Response 2: Thank you for interesting comment, we also added brief discussion on this topic to the text: "According to Kang et al. [39], EVs can be broadly categorized based on their size: small-EVs are less than 100 nm, while large-EVs are typically greater than 200 nm. Our findings indicated that the majority of the EVs were classified as large-EVs. This raises a question whether different sizes of EVs could impact their biodistribution and the tumor-targeting ability of the nanoparticles. The review by Kang et al. reports that both small- and large-EVs are found at tumor sites. Specifically, small-EVs were detectable in tumors between 2 and 12 hours, as well as at 24 hours post-administration. In contrast, large-EVs were only detectable within the 2 to 12-hour window after injection. Tumors often have leakier vasculature compared to healthy blood vessels and impaired lymphatic drainage, which facilitates easier passage of nanoparticles into the tumor interstitium and results in higher retention within tumor tissue. Since EVs are comparable in size to liposomes and other nanoparticles, it is plausible that their accumulation in tumors occurs through similar mechanisms. Therefore, EV size does not appear to significantly influence their biodistribution.  Also, the size of EVs probably will not affect the tumor targeting capability of the AuNPs. This statement is supported by our findings that the recognition of the target cells is determined mainly by the EVs tropism and the targeting molecules on the AuNP surface may play a role in higher EVs uptake into parental cells only (see data below)."

 

Comment 3: The size and distribution of EVs after encapsulating AuNPs should be studied to evaluate the influence of AuNPs on the properties of EVs. 

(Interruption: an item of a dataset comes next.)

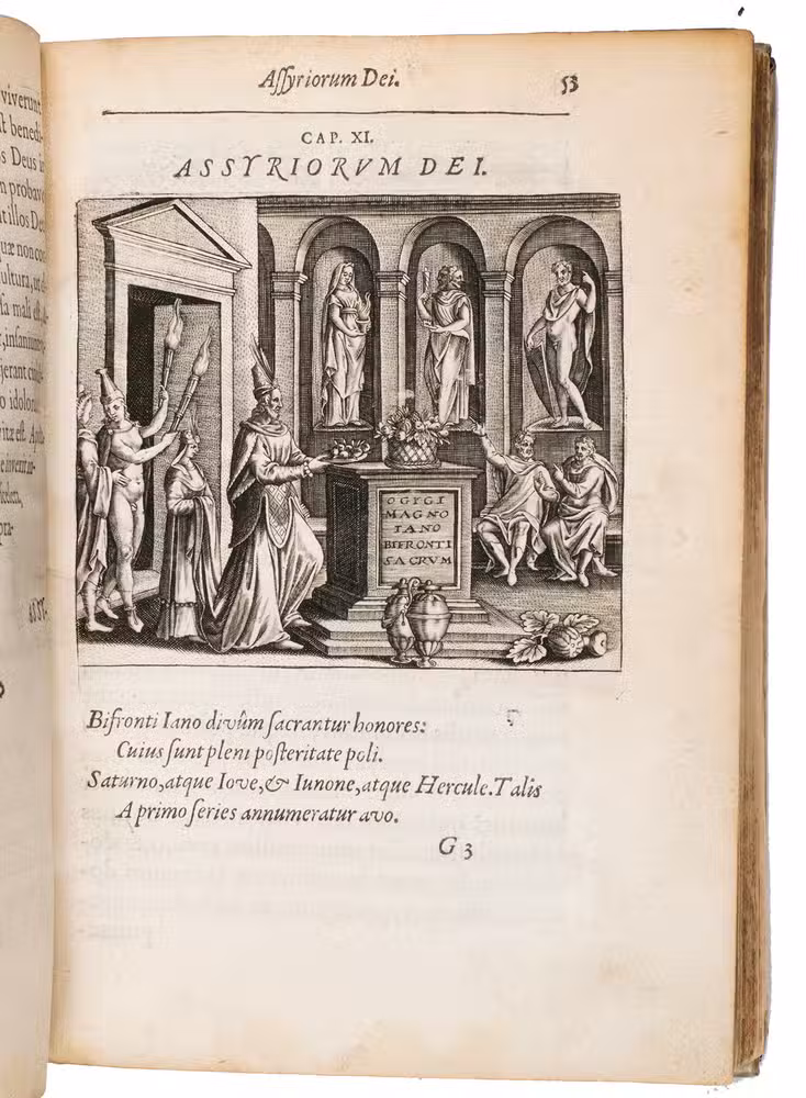 Very rare first edition of a beautifully illustrated emblem book depicting religious, profane, and mythological scenes, by Jean Jacques Boissard (1528-1602). Boissard was a French humanist, antiquarian, poet, and artist from Besançon, who settled in Metz in 1560 after many journeys and stays in Italy. From 1585 onwards, he was in contact with the well-known engraver, illustrator, and publisher Theodor de Bry (1528-1598) in Frankfurt am Main with whom he published the famous Icones virorum illustrium in 1597 (a collection of 100 portraits of important men). This work continued to be expanded in later editions, then known under the title Bibliotheca chalcographica.

Response 3: The size of empty EVs and EVs loaded with the AuNPs was not remarkably different as shown in Table 2. Also, as mentioned above, the EVs biodistribution might not be affected so much (Reference 39). Yet, still the AuNPs influence on EVs properties is a very interesting and rather complex topic, suitable for its own study. Another data from the current study, namely proteome analysis, support the hypotheses of other groups that the AuNPs change protein composition of the EVs. It is likely we find more such AuNPs-mediated changes in EVs composition and maybe even structure or function. The interactions between bioproduced AuNPs and biointerface e.g. EVs is a complex topic for separate study so we did not involve it in our current manuscript.

 

Comment 4: The in vivo biodistribution of nanoparticles should be studied.

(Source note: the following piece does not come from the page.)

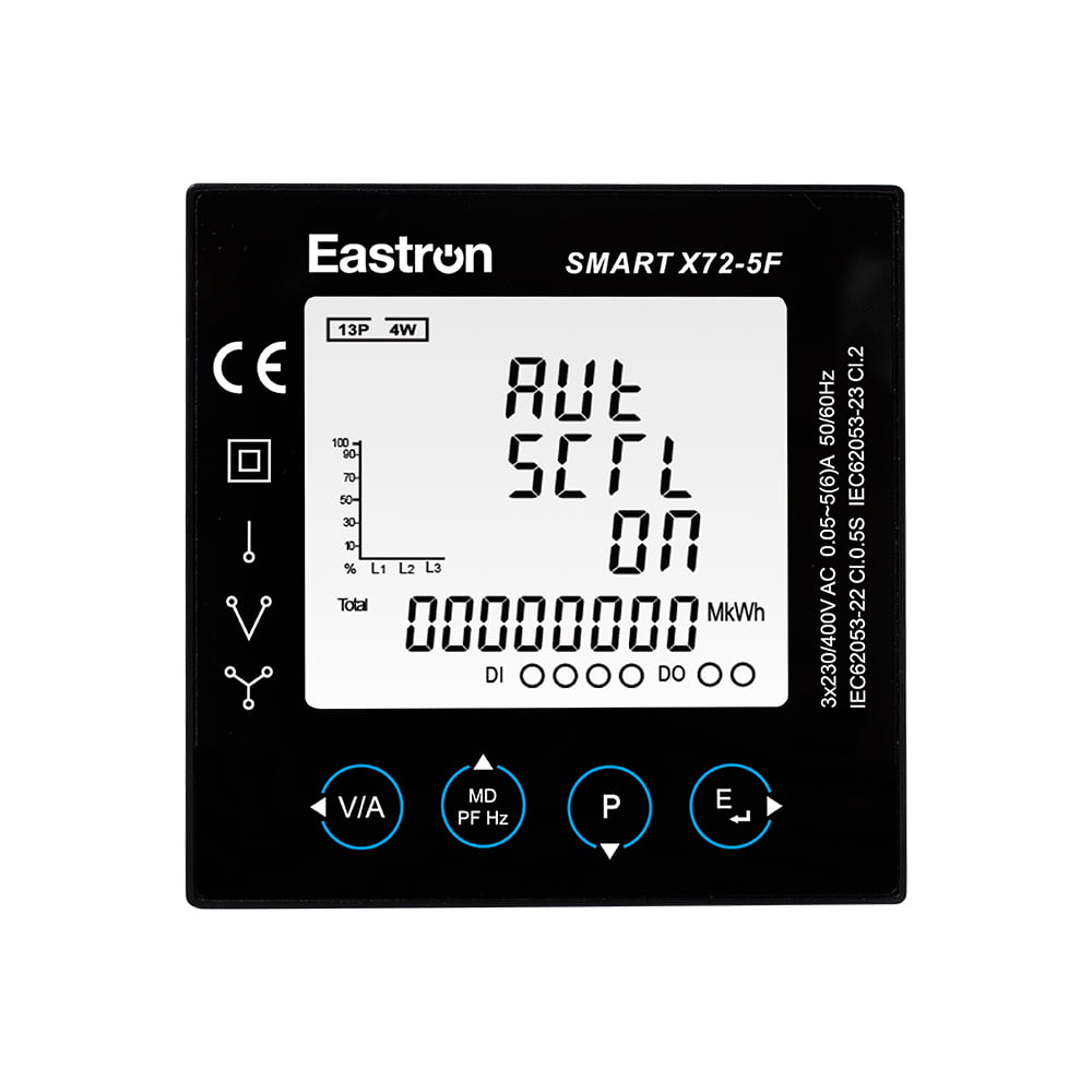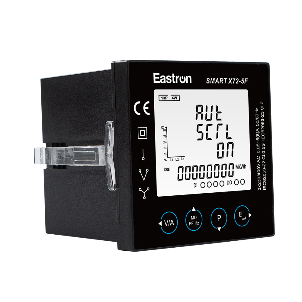 Eastron Smart X72-5F是一款RS485 Modbus 72x72面板式安装式多功能电力仪表。它可以准确测量和显示单相二线、三相三线和三相四线电网中的各种电力参数:电压、电流、功率、频率、有功功率、无功功率 、有功无功电量,正反向电量等。

Response 4: Yes, the biodistribution of EV-loaded AuNPs in vivo has not been extensively checked in this study. In our previous report, we checked the infiltration of the AuNPs to the tumor tissue after peritumoral application in vivo (Reference 39). The AuNPs were able to enter the tumor cells and were seen in the cytoplasm, endosome, late endosome, or lysosome, and even in the mitochondria and endoplasmic reticulum (ER). The current study was focused primarily on a proof-of-concept to load the AuNPs-cargo into EVs and deliver it into parental tumor cells in vivo.


Comment 5: To study the tumor targeting capability of Au NP loaded EVs, the content of nanoparticles in the tumor should be deeply studied.

Response 5: We agree that larger in vivo studies are needed to characterize the efficacy of the targeting. As mentioned above, the current study focused on feasibility of targeted transportation of AuNPs by EVs and first we aimed for assays proving the function of transported short inhibitory RNAs.

Round 2

Reviewer 3 Report

Comments and Suggestions for Authors

The manuscript is improved significantly. Good luck 

Reviewer 4 Report

Comments and Suggestions for Authors

The authors have made adequate revision and the manuscript can be accepted.